Dataset excerpts
◆ ◆ ◆ ◆ ◆

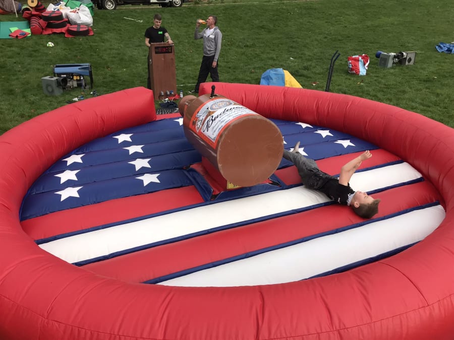 Budweiser Bottle Rodeo within inflatable surround.
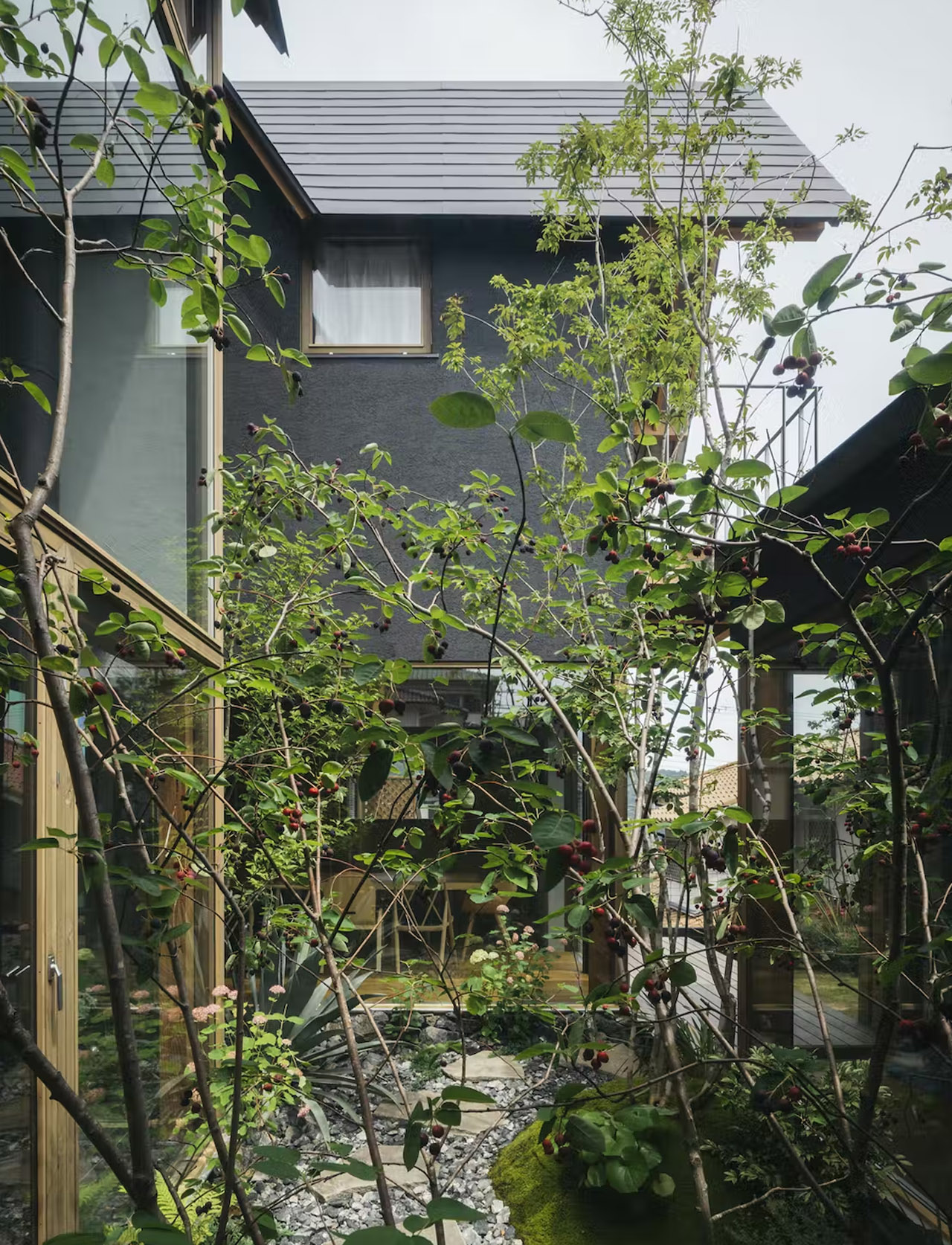 “Each location has a unique facade and leads to other parts of the residence. The garden and the living room are connected in the interweaving of each other and are connected to the outside world.”
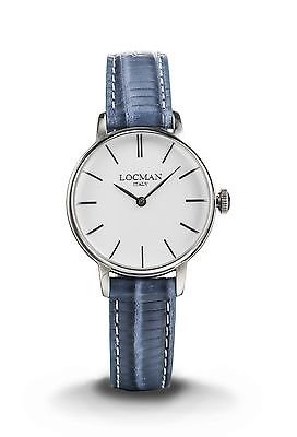 Orologio donna . cassa in acciaio 316L , mm 32 , movimento al quarzo solo tempo , quadrante bianco , fondello in titanio a pressione , numero seriale di produzione inciso nel fondo , cinturino in pelle stampata azzurra. Immagine indicativa , la confezione può variare di forma e colore.
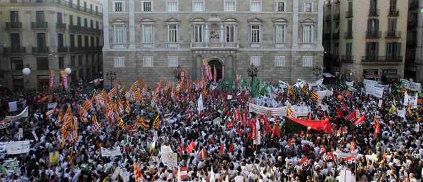 Pese a que la concentración estaba convocada oficialmente para las 18:00 horas, muchos minutos antes la plaza de Sant Jaume ya estaba prácticamente abarrotada de trabajadores de los servicios públicos, que llevaban pancartas en contra de los recortes iniciados por el ejecutivo catalán.
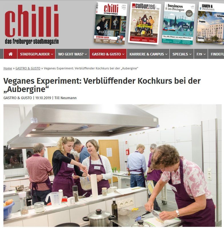 - "Wir hatten einen tollen Abend, haben nette Menschen getroffen und unglaublich viel gelernt! Besonders eindrucksvoll fanden wir, wie natürlich die vegane Küche ist. Wir waren sehr begeistert davon, wie einfach man mit ein bisschen Kreativität und innovativen Ideen auch auf Milchprodukte oder Eier verzichten kann. Der Abend mit der Kochschule Aubergine hat uns wieder einmal gezeigt, wie einfach es ist, die Freude an leckerem Essen mit einem gesunden und nachhaltigen Leben und dem Schutz unserer Umwelt zu vereinen. Vielen Dank dafür!" - Sebastian F., Freiburg
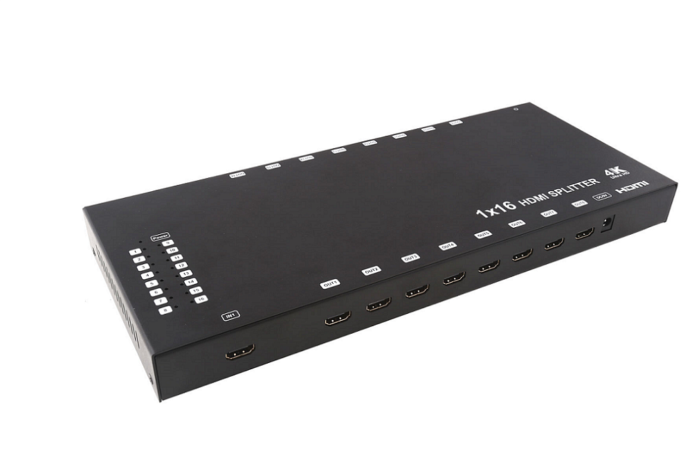 Разветвитель HDMI (1вх./16вых.), с поддержкой 3D. Поддерживает разрешение до 1080p/60Гц/36бит и 4Kx2K/30Гц, звук DTS-HD/true-HD/LPCM7.1/AC3/DTS/DSD. Вх. - HDMI(A)/Роз.2,1х5мм(DC5V). Вых. - HDMI(A)x16 ; DC5В/4000мА(в комплекте); 350x147x40мм; -5…+35°С.
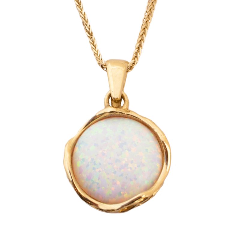 תליון מעוטר, זהב 14 קראט בשיבוץ אבן אופל לבנה בעלת מראה ייחודי. מעוצבת בסגנון קלאסי ובעבודת יד ישראלית
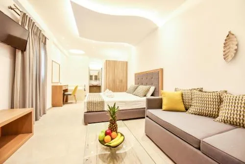 Queen Boutique Suites se află la 2,8 km de orașul Mykonos și la 3,4 km de plaja Paradise. Dispune de o piscină și oferă unități amenajate cu gust, care se deschid către o terasă și un patio cu vedere la piscină și grădină. WiFi gratuit este disponibil în toate unitățile.
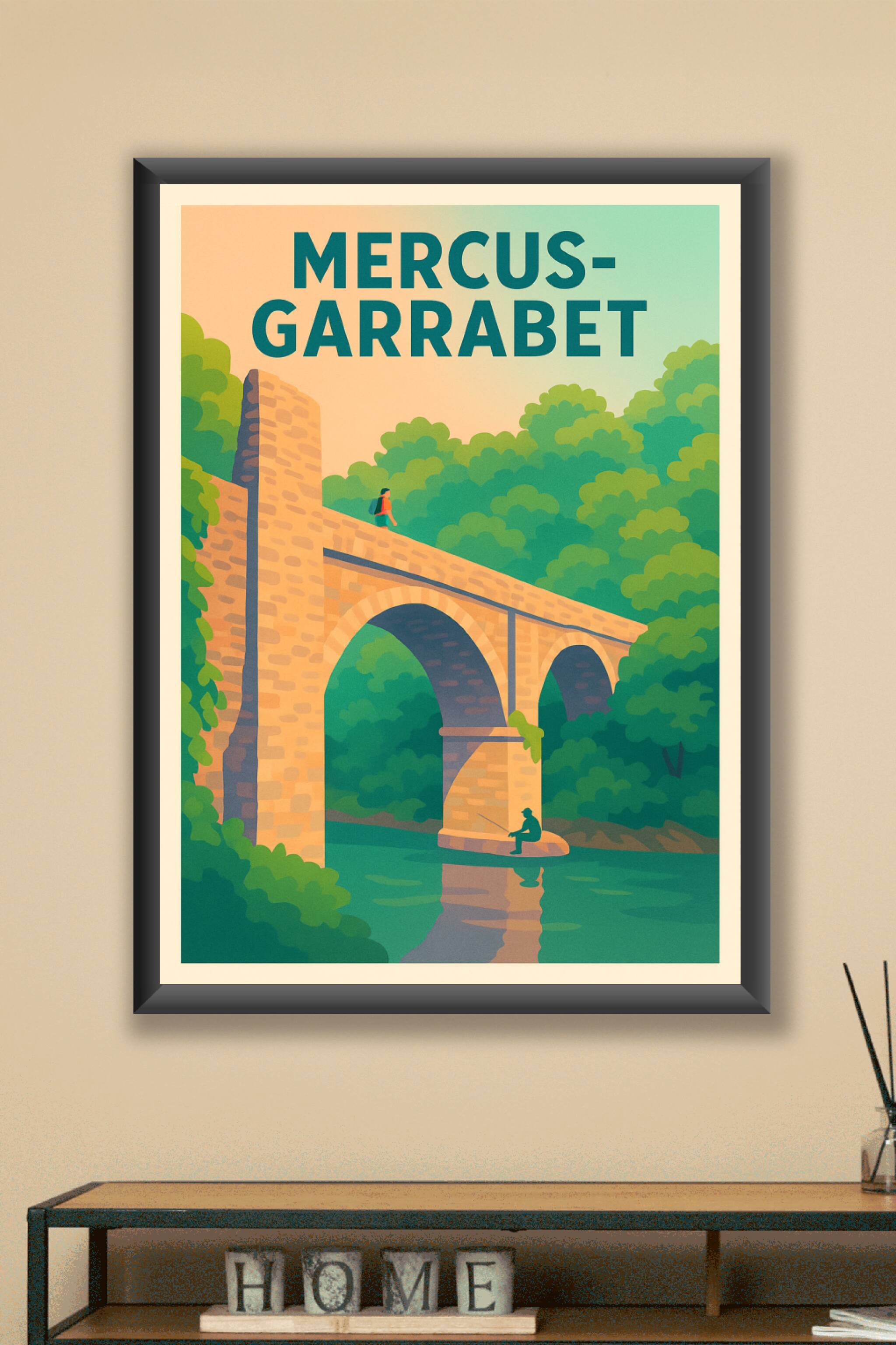 Découvrez l'ambiance paisible et authentique de Mercus-Garrabet avec cette superbe affiche illustrant un vieux pont en pierre surplombant une riviè...

◆ ◆ ◆ ◆ ◆

> **DIRECTIONS**
What is needed is every record above, restated word for word, with the pictures left out.

> **OUTPUT**
 Budweiser Bottle Rodeo within inflatable surround.
 “Each location has a unique facade and leads to other parts of the residence. The garden and the living room are connected in the interweaving of each other and are connected to the outside world.”
 Orologio donna . cassa in acciaio 316L , mm 32 , movimento al quarzo solo tempo , quadrante bianco , fondello in titanio a pressione , numero seriale di produzione inciso nel fondo , cinturino in pelle stampata azzurra. Immagine indicativa , la confezione può variare di forma e colore.
 Pese a que la concentración estaba convocada oficialmente para las 18:00 horas, muchos minutos antes la plaza de Sant Jaume ya estaba prácticamente abarrotada de trabajadores de los servicios públicos, que llevaban pancartas en contra de los recortes iniciados por el ejecutivo catalán.
 - "Wir hatten einen tollen Abend, haben nette Menschen getroffen und unglaublich viel gelernt! Besonders eindrucksvoll fanden wir, wie natürlich die vegane Küche ist. Wir waren sehr begeistert davon, wie einfach man mit ein bisschen Kreativität und innovativen Ideen auch auf Milchprodukte oder Eier verzichten kann. Der Abend mit der Kochschule Aubergine hat uns wieder einmal gezeigt, wie einfach es ist, die Freude an leckerem Essen mit einem gesunden und nachhaltigen Leben und dem Schutz unserer Umwelt zu vereinen. Vielen Dank dafür!" - Sebastian F., Freiburg
 Разветвитель HDMI (1вх./16вых.), с поддержкой 3D. Поддерживает разрешение до 1080p/60Гц/36бит и 4Kx2K/30Гц, звук DTS-HD/true-HD/LPCM7.1/AC3/DTS/DSD. Вх. - HDMI(A)/Роз.2,1х5мм(DC5V). Вых. - HDMI(A)x16 ; DC5В/4000мА(в комплекте); 350x147x40мм; -5…+35°С.
 תליון מעוטר, זהב 14 קראט בשיבוץ אבן אופל לבנה בעלת מראה ייחודי. מעוצבת בסגנון קלאסי ובעבודת יד ישראלית
 Queen Boutique Suites se află la 2,8 km de orașul Mykonos și la 3,4 km de plaja Paradise. Dispune de o piscină și oferă unități amenajate cu gust, care se deschid către o terasă și un patio cu vedere la piscină și grădină. WiFi gratuit este disponibil în toate unitățile.
 Découvrez l'ambiance paisible et authentique de Mercus-Garrabet avec cette superbe affiche illustrant un vieux pont en pierre surplombant une riviè...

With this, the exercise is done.